» To do: Filter the records for lines holding the string "Museum".

» Given data:
⟨

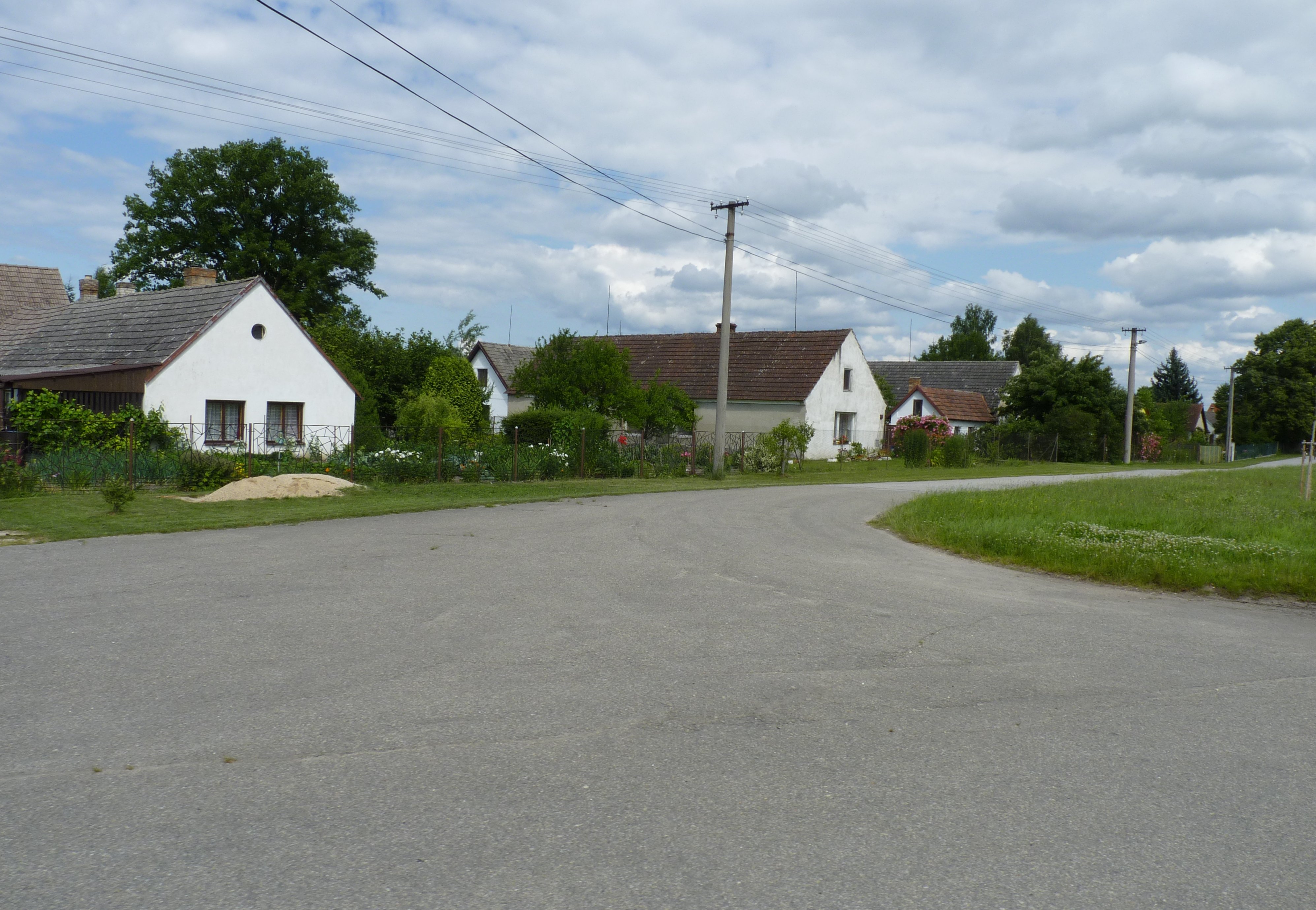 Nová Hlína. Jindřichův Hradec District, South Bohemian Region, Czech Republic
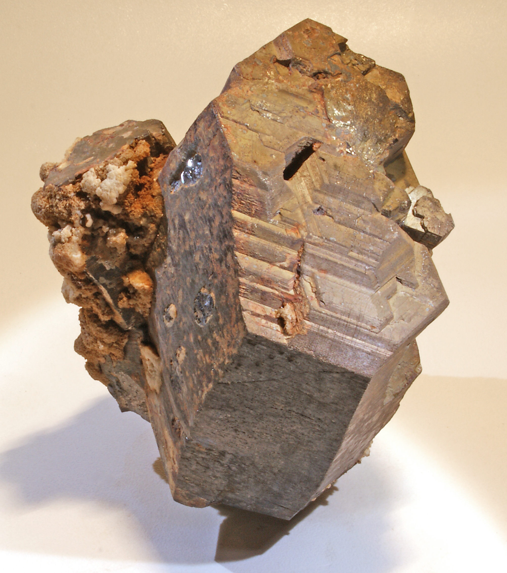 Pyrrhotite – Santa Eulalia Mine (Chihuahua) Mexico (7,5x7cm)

⟩
⟨

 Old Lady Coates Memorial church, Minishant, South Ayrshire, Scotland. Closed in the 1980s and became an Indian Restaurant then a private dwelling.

⟩
⟨

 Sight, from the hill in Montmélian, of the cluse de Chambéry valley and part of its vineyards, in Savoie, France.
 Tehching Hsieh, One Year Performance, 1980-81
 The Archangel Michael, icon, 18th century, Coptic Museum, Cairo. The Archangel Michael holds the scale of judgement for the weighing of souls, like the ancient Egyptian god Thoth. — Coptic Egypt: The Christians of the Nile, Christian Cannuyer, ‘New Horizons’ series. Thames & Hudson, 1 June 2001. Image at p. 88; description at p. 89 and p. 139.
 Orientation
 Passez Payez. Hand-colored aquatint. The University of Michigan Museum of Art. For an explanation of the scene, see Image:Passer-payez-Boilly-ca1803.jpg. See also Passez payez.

⟩

» Output below:
 The Archangel Michael, icon, 18th century, Coptic Museum, Cairo. The Archangel Michael holds the scale of judgement for the weighing of souls, like the ancient Egyptian god Thoth. — Coptic Egypt: The Christians of the Nile, Christian Cannuyer, ‘New Horizons’ series. Thames & Hudson, 1 June 2001. Image at p. 88; description at p. 89 and p. 139.
 Passez Payez. Hand-colored aquatint. The University of Michigan Museum of Art. For an explanation of the scene, see Image:Passer-payez-Boilly-ca1803.jpg. See also Passez payez.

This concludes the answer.